To keep the rally well-fueled, three components are required: Bullish monetary policy and rhetoric from the Federal Reserve, fiscal helicopter stimulus from the government, and a bullish psychology backdrop that fuels a willingness to speculate.
That recipe is gone, which means the market will have to make do with the fuel it already has. That fuel is now running low and could soon run out completely (depending on how quickly retail sentiment turns bearish). If retail investors back away, and professional managers remain skeptical and cautious, then bullish flows could disappear.
As another point of concern, 401(k) match flows — another form of bullish market support — are now being slashed, as Bloomberg Law reports:
The pandemic is affecting one of the best perks of workplace retirement-savings plans: company matches to employee 401(k) contributions.

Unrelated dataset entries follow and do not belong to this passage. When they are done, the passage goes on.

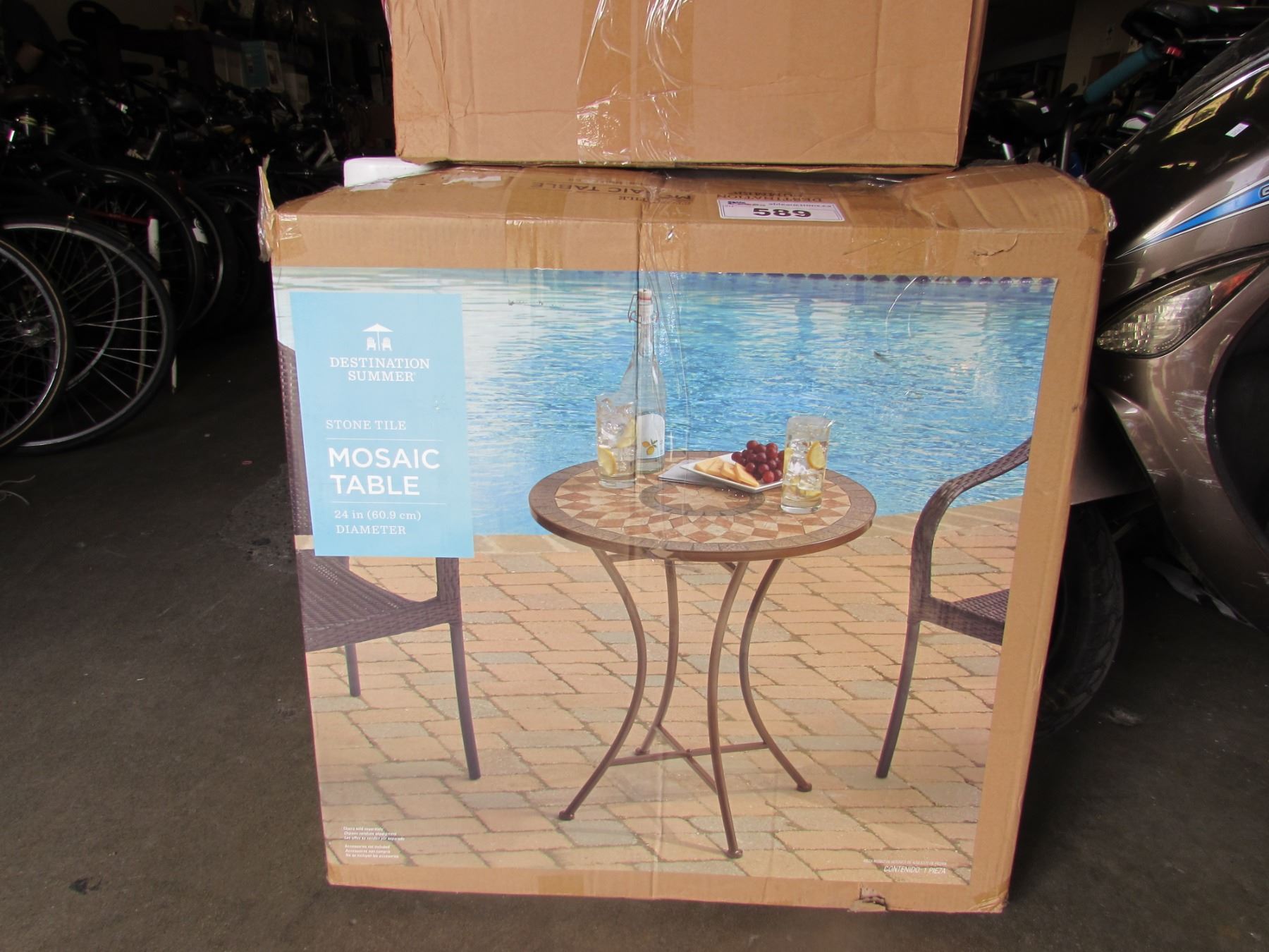 DESTINATION SUMMER STONE TILE MOSAIC 24" DIAMETER TABLE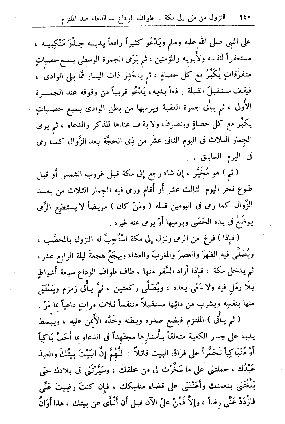 (فإذا) فرغ من الرمي ونزل إلى مكة استحب له النزول بالمحصب، ويصلي فيه الظهر والعصر والمغرب والعشاء ويهجع هجعه ليلة الرابع عشر، ثم يدخل مكة، فإذا أراد السفر منها، طاف طواف الوداع سبعة أشواط بلا رمل فيه ولا سعي بعده، ويصلي ركعتين، ثم يأتي زمزم ويستقي منها بنفسه ويشرب من مائها مستقبلا متنفسا ثلاث مرات داعيا بما مر.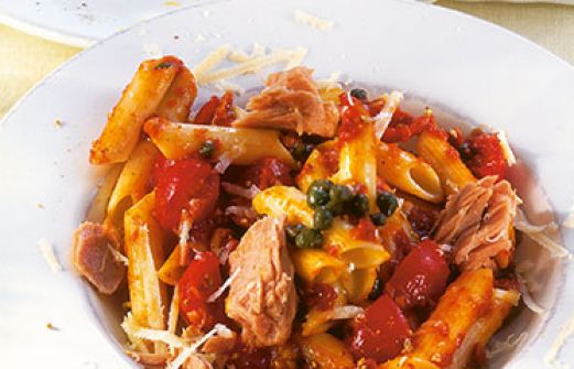 Penne mit Thunfisch Zutaten 200 g Penne Jodsalz 1 Knoblauchzehe 6 Cocktailtomaten 135 g Thunfisch naturell (aus der Dose) 1 EL Olivenöl 1 TL Kapern 2 EL Ajvar (Paprikapüree) Pfeffer 30 g Parmesan 2 EL gehackte Petersilie (wer mag) guk:similarity-keywords=""> 200 g P [...]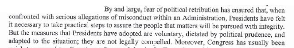 He yam the law, and that's all there is to it. Elsewhere, Barr refers to the "disastrous experimentation with an 'independent' counsel statute" and notes that both parties "agreed to purge" such horrors from our legal system, which certainly would have impressed Trump if he was told about it. If a president is bad, well then elect another one or impeach the bad president if needed, Barr argues. As for investigations into presidents' behavior, that's mostly just a matter of being nice, not the law: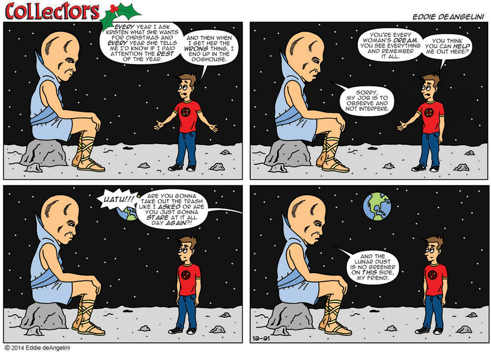 View articlesEddie deAngelini is a long time comic book fan and collector. He is the writer and artist of the internet comic strip Collectors, which is loosely based on his own life, marriage and comic collecting obsession. His love of comics began at a young age and his claim to fame is owning every issue of Amazing Spider-Man. He currently lives in Los Angeles with his wife Kristen, where they plan together for the inevitable zombie apocalypse.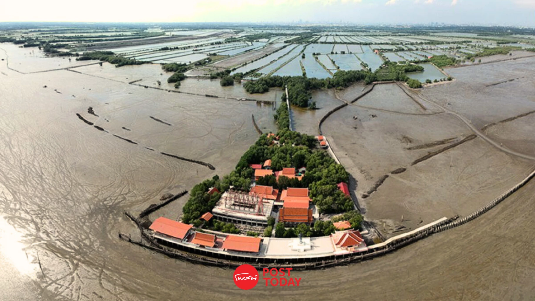 นักวิชาการเตือน โลกร้อนกัดเซาะชายฝั่งทะเลในกทม.และสมุทรปราการ เสี่ยงต่อน้ำท่วมทั้งหมดในปี 2050 ชี้หลักฐานคือวัดขุนสมุทรจีน จากที่เคยมีที่ 76 ไร่เหลือ 5 ไร่!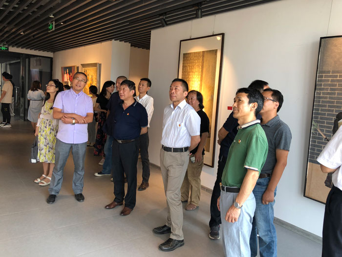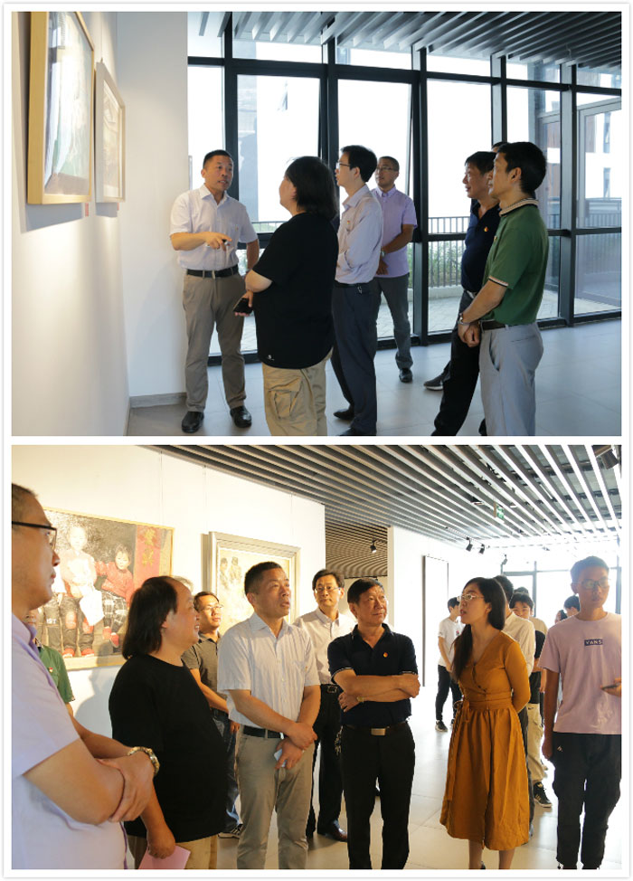 开幕式后,与会人在美术设计系党总支书记罗耀东的带领下参观画展,并与参展人、师生代表座谈,回顾作品创作过程和创意思路,交流观展心得体会,分享对“不忘初心、牢记使命”主题教育的思考与认识。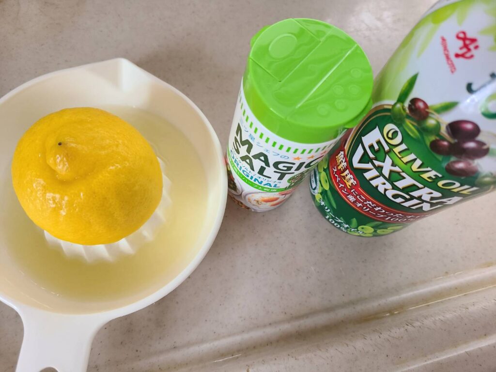 ⑧ドレッシングはレモン果汁、ハーブ塩、オリーブオイルをかけるだけ!レモン果汁はレモンを搾っても良し、市販のレモン果汁でもOKです。ハーブ塩はマジックソルト(オリジナル)を使いました。もちろん市販のドレッシングなど他の味付けでも美味しく食べられます。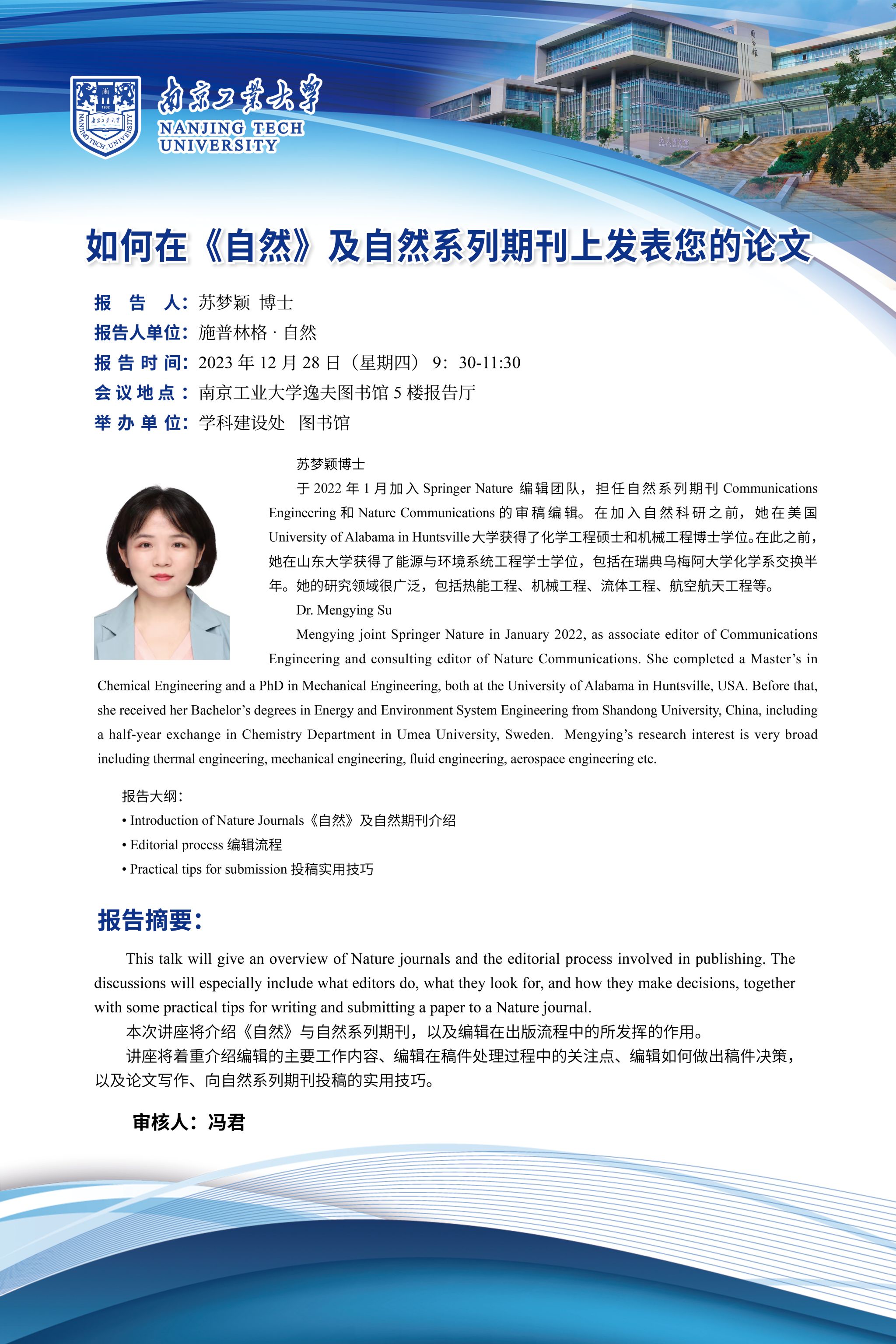 09:40-10:40 (含互动问答) | 如何在《自然》及自然系列期刊上发表您的论文 | 主讲人: 苏梦颖博士自然系列期刊审稿编辑 | |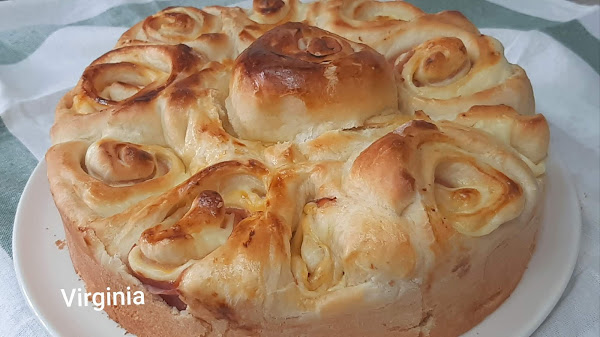 4.- Con un rodillo, extiende la masa dándole forma rectangular (aprox. 30x40 cm). Cubre la superficie con las lonchas de jamón serrano y de queso y reparte la mantequilla. Forma un rollo comenzando por la parte más ancha. Corta en 8-9 rodajas y colócalas en el molde preparado. Pincela la superficie con huevo batido.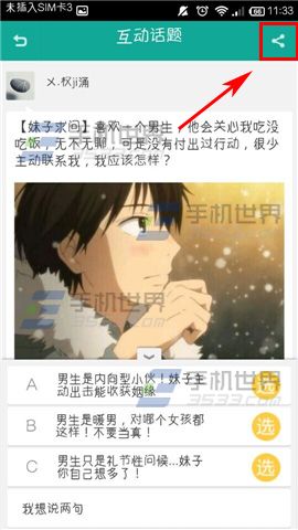 求搭理如何把互动话题分享给好友作答?遇到个不知道该怎么作答的话题,想让好友一起来帮帮忙,该怎么分享给好友作答呢,现在小编来教你求搭理如何把互动话题分享给好友作答的吧。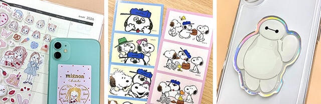 「ステッカーショーケース」は、手帳デコや日々の記録を可愛く彩るシールセット。日常のワンシーンや感情・体調を表現した小さな粒シールと、スマホケースやノートをアレンジしやすい大きめステッカーがセットになっている。LINEスタンプで話題のクリエイターを起用し、キュート・レトロ・カジュアルなど、気分や手帳の雰囲気に合わせて選べる豊富なバリエーションを用意した。全8点、各同330円。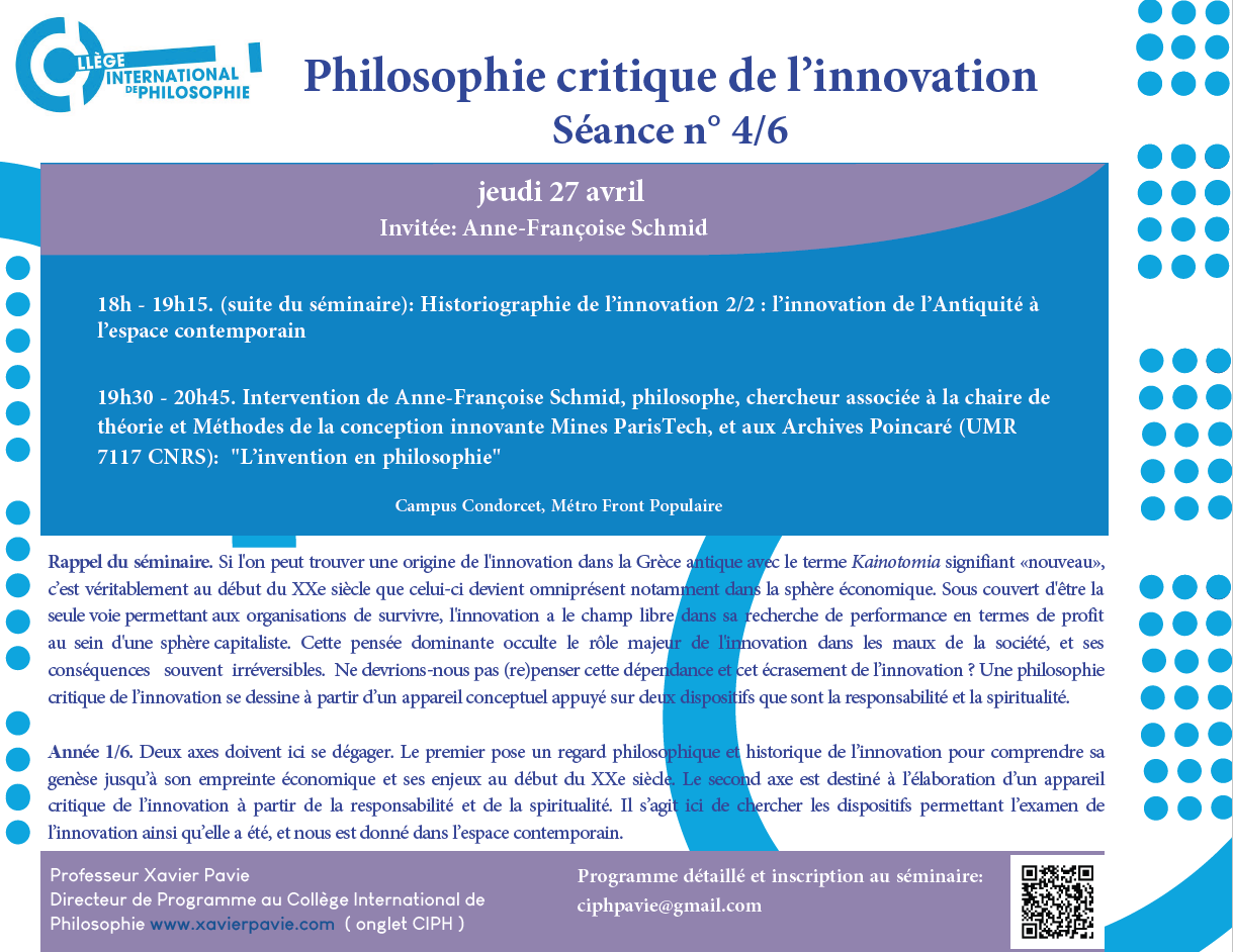 Le 27 avril prochain Anne-Françoise fera une conférence au Collège International de Philosophie sur le thème "L'invention en philosophie" où vous êtes évidemment les bienvenus. Ci-dessous l'annonce de la séance, tous les détails ici https://sites.google.com/site/xavierpavie/ciph?authuser=0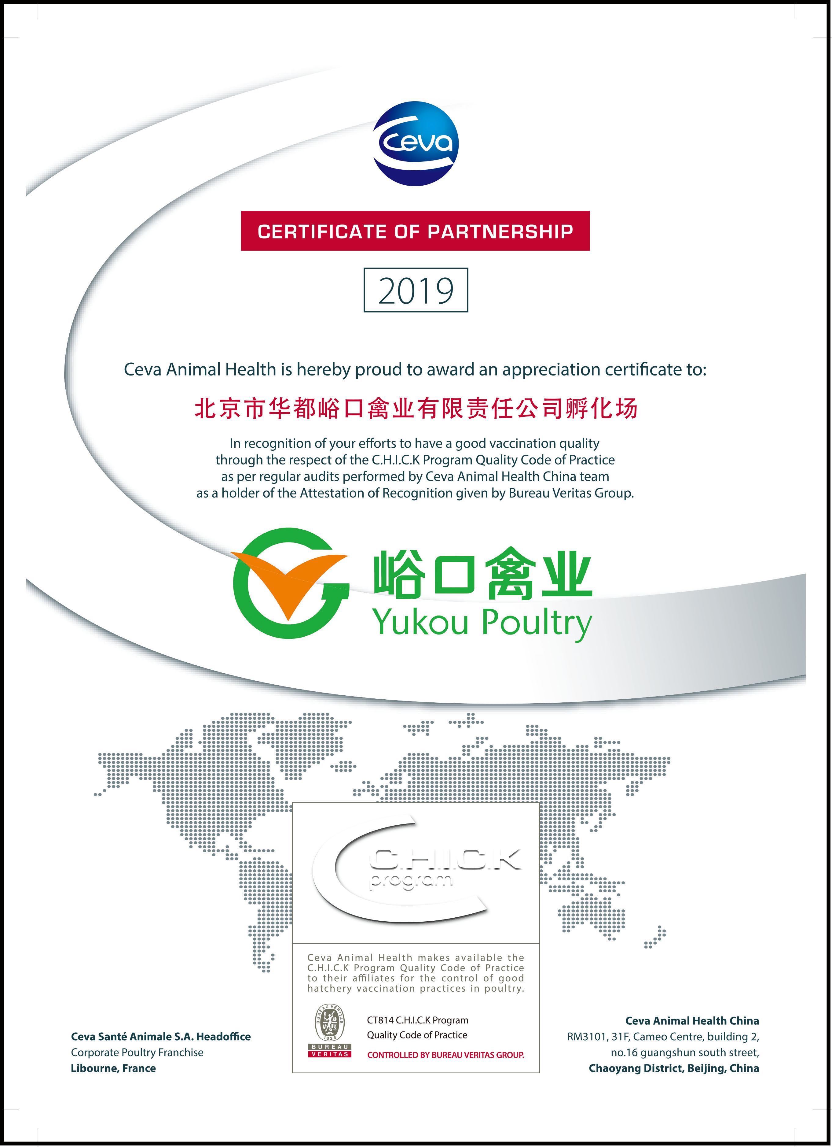合作伙伴证书的颁发充分肯定和表彰了峪口禽业在过去一年里严格落实必维国际检验集团认证的诗华C计划的各项要求,各个项目审核的分数都在95分以上,确保了良好的孵化场免疫质量,诗华C计划将继续为峪口禽业打造4A级鸡雏项目保驾护航!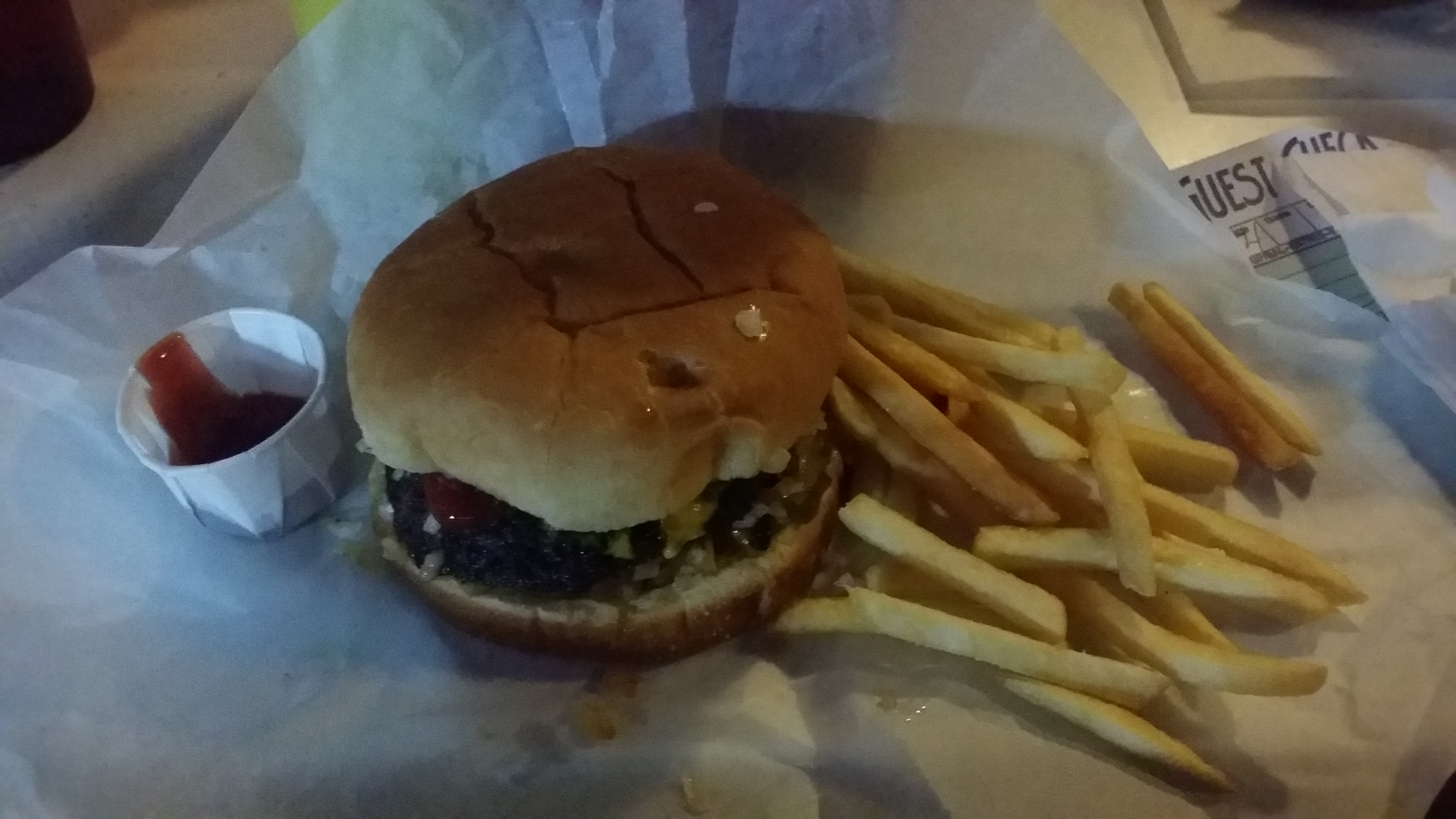 Deze hamburger was echt haast alleen maar vlees (met dan kaas in het midden) maar er zit heel veel variatie in de burgers die we tegenkomen. Van gemasseerd Wagyu vlees en Angus beef, tot zowat papier-achtige burgers die vooral uit paneermeel bestaan. Deze was echt heel lekker. Ik eet niet zo heel vaak hamburgers (want niet zo heel gezond natuurlijk), en als ik er dan eentje eet, moet ie ook wel lekker zijn!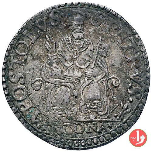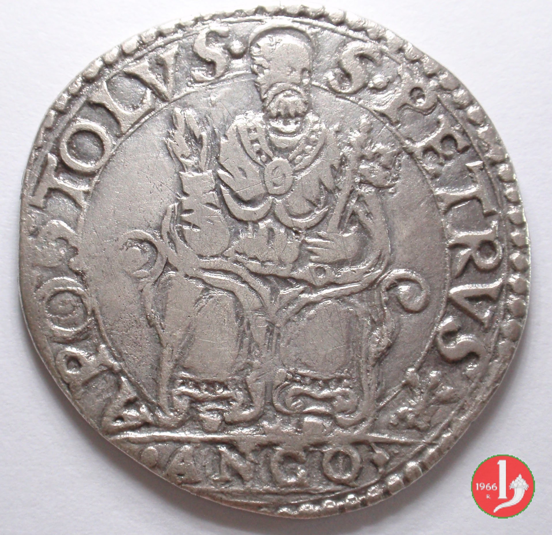 Testone (1563 - I t.) Dritto: •PIVS •IIII •__ •PONT •MAX /Stemma ovale in cartella ornata di due maschere ai lati e cimasa con cerchietto, sormontato da chiavi dec. e tiara Verso: •S •PETRVS •__APOSTOLVS • /S.Pietro nimbato e seduto di fronte, testa leggermente a destra, benedice con la destra e tiene con la sinistra le chiavi; nel campo al centro 15__63; in Esergo AN ![]() CO | |

Many firms in the hard-hit hospitality and retail industries have already suspended, reduced, or deferred matches, including Expedia Group Inc., Hilton Grand Vacations Inc., and Best Buy Co.
Even with the recent rally in stocks, many more companies are planning or considering such a move… Companies see suspensions as a way to boost cash flow and avoid or limit job cuts — although furloughs and layoffs have been plentiful this year.
As layoffs eat into the knowledge worker space and work-from-home employees get pink slips — this, too, will prove inevitable in a struggling economy — we could see a surge of laid off work-from-homers not only stopping their automated 401(k) contributions, but actively tapping their 401(k) accounts, withdrawing funds and selling stocks to do so, as a means of harvesting emergency savings.
In sum, the rocket fuel is running out, the valuation case is not there (barring a v-shaped recovery fantasy), and the Federal Reserve is not positioned to stop a decline from happening.
Unless, of course, Federal Reserve Chairman Jerome Powell figures out how to circumvent the Banking Act of 1933 and do something radical — a move which might require far lower stock prices for him to try.